I created an Aqueduct project using aqueduct create -t db_and_auth but I did not understand how registration and authentication with OAuth 2.0 works. Can someone explain how to register from OAuth2.0 and DB template auto-created by aqueduct and what steps I have to do to register and then authenticate?

Gabriel Pacheco
  • 309
  • 3
  • 10

1 Answers1

3

From a client application, you POST /register with a JSON payload containing a user. Depending on what version of the template you have, this may just be {"username": "bob", "password": "password"} - check the definition of your _User type.

When you are authenticating an already existing user, you invoke POST /auth/token and pass the username, password and other required fields as x-www-form-urlencoded data. The format of that request - written in Dart code - is here: http://aqueduct.io/docs/auth/controllers/.
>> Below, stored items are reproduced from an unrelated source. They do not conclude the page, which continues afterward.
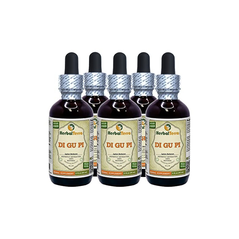 Di Gu Pi, Lycium (Lycium Barbarum) Tincture, Dried Bark Liquid Extract (Brand name: HerbalTerra, Proudly made in USA) 5x2 fl.oz (5x60 ml)
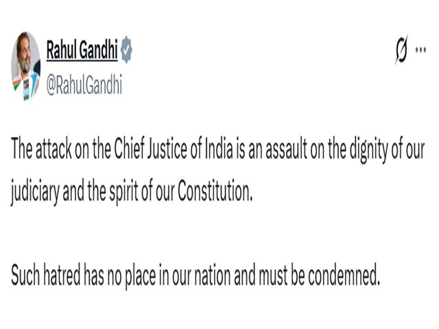 नई दिल्ली, 6 अक्टूबर- लोकसभा में विपक्ष के नेता और कांग्रेस सांसद राहुल गांधी ने कहा कि भारत के मुख्य न्यायाधीश पर हमला हमारी न्यायपालिका की गरिमा और हमारे संविधान की भावना पर हमला है। इस तरह की नफ़रत का हमारे देश में कोई स्थान नहीं है और इसकी निंदा की जानी चाहिए।
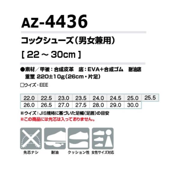 コックシューズ AZ-4436 22〜30cm 男女兼用 飲食店 ユニフォーム 厨房シューズ 調理靴 耐滑 耐油底 抗菌インソール AZ4436 アイトス AITOZ
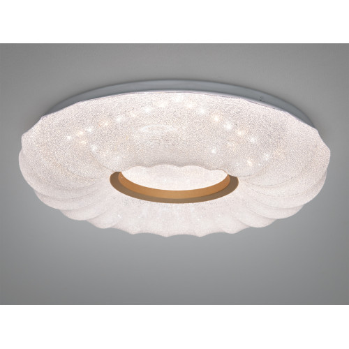 Світлодіодна стельова люстра Diasha у білому кольорі з золотою вставкою поєднує стриманий вигляд і продуману функціональність. Конструкція формату тонкої світлодіодної панелі монтується впритул до стелі, тому підходить для приміщень зі стандартною або невисокою стелею. Встановлений LED-модуль потужністю 34 Вт розрахований на ефективне освітлення до 6 м². Модель постачається без пульта і керується звичайним настінним вимикачем.
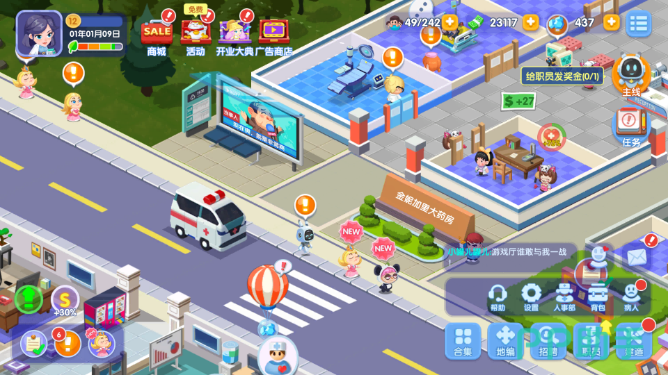 融合日常管理与突发事件应对机制,构建贴近现实医院运作逻辑的模拟体系。玩家不仅需完成建筑分区、科室扩容等基础建设,还需即时响应突发疫情、医疗纠纷、设备故障等随机事件。病情分级制度明确,轻症分流至普通门诊,重症引导至专科病房,随等级提升逐步开放手术中心、康复理疗区等功能模块。
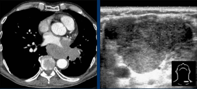 • It is located anteriorly, often presenting as a right-sided retrosternal mass.
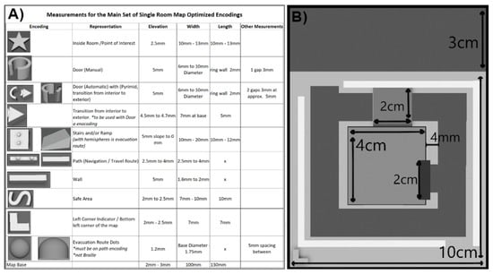 28], a set of twenty-eight tactile symbols was tested using microcapsule paper, and representations of exterior elements were found to be discriminable and easy-to-use by study participants. Recently, studies of this symbol set have been applied to 3D-printing and were shown to be accepted among blind users [
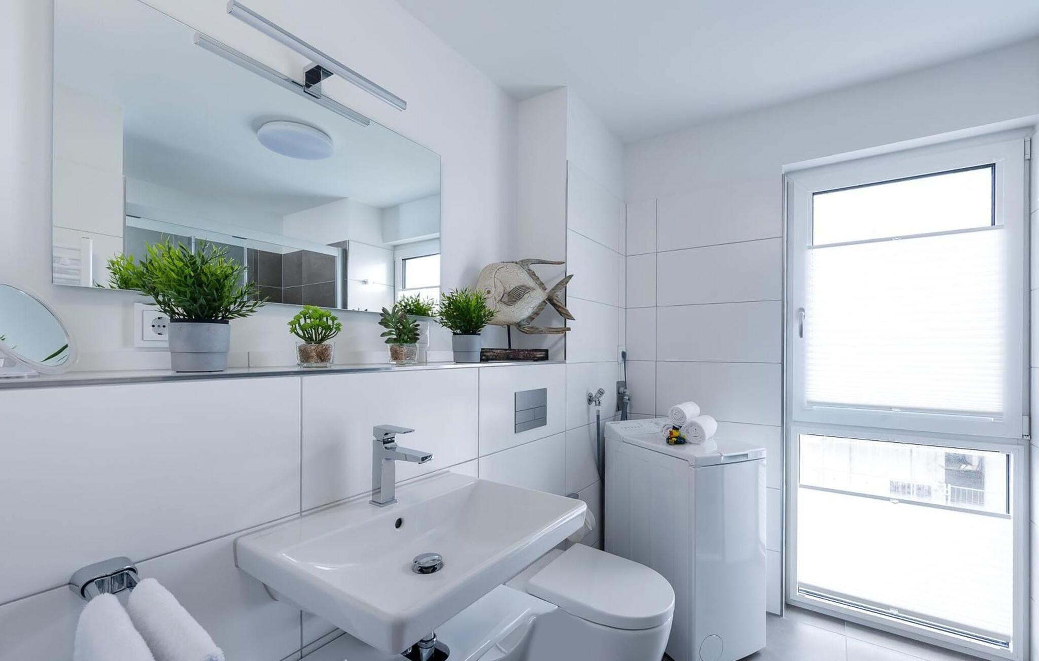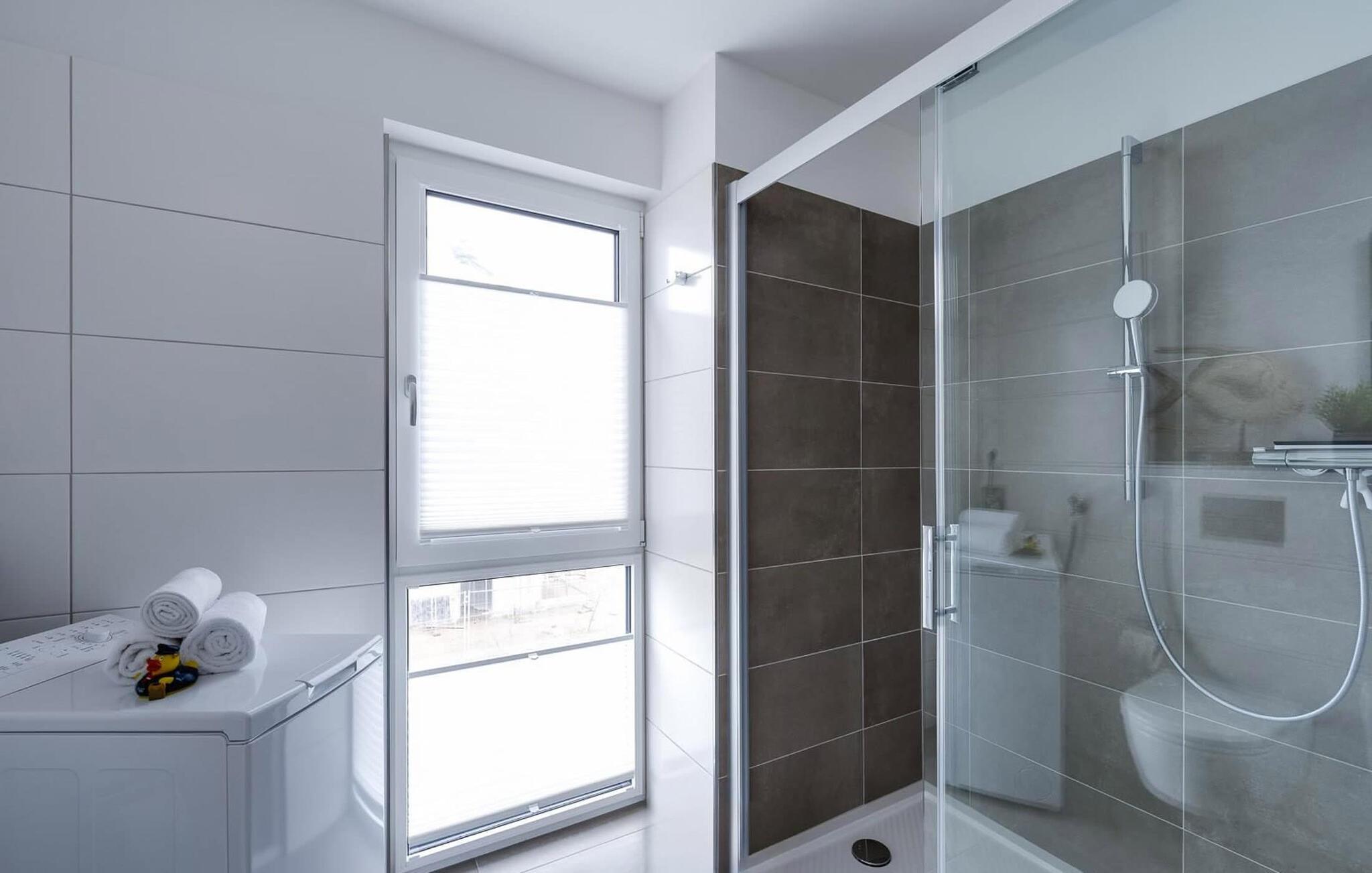 Denne ferielejlighed er designet til at være fri for barrierer, og den kan nemt nås med elevator og har en bruser i gulvniveau.
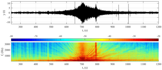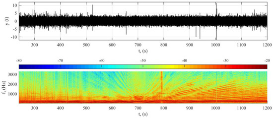 Figure 1 (bottom) is a spectrogram (fast Fourier transform (FFT) size 1024, Hann window) of the signal and scale that reflect the dependency of color on the levels of spectral components of the signal in dB; the scale is conventional. Spreading in a fan-like shape, slope lines on the spectrogram physically represent an interference pattern changing over time, typical for the moving source of radiation in a hydroacoustic waveguide [7,8]. When listening to the signal, one can hear clicks at the time interval that corresponds to the minimum distance of the passing vessel; these clicks are caused by the propeller cavitation.
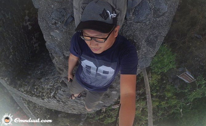 Seketika aku memutuskan untuk duduk dengan kaki menjuntai. Menikmati senja yang romantis di Torre. Ah sayang, nggak ada dik Chelsea Islan di sampingku. Kalau ada kan enak, bisa diajakin main congklak. Selanjutnya, aku langsung asyik utak-atik kamera aksi yang aku punya. Niat hati ingin mengulang pose yang sama, seperti yang dulu aku lakukan di Twin Tower, KL, aku menjajal pose baringan tepat di antara lubang dan “jurang” Benteng Torre.
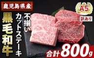 K-475-B <訳あり>鹿児島県産黒毛和牛A5等級サイコロステーキ(計800g) 【ふるさと産直バザール】霧島市 不揃い サイコロ ステーキ 牛肉 国産 鹿児島県産 肉 精肉

Whether you are registering a new user or authenticating an existing user, you have to provide a client identifier (and optionally client secret) as a Basic Authorization header. The client identifier must have already been registered with your application and stored in its database.

To store client identifiers in a database, you'll need to first run your application's database migrations on a database instance (see http://aqueduct.io/docs/db/db_tools/ for running database migrations). This will create tables to store OAuth 2.0 client identifiers and tokens.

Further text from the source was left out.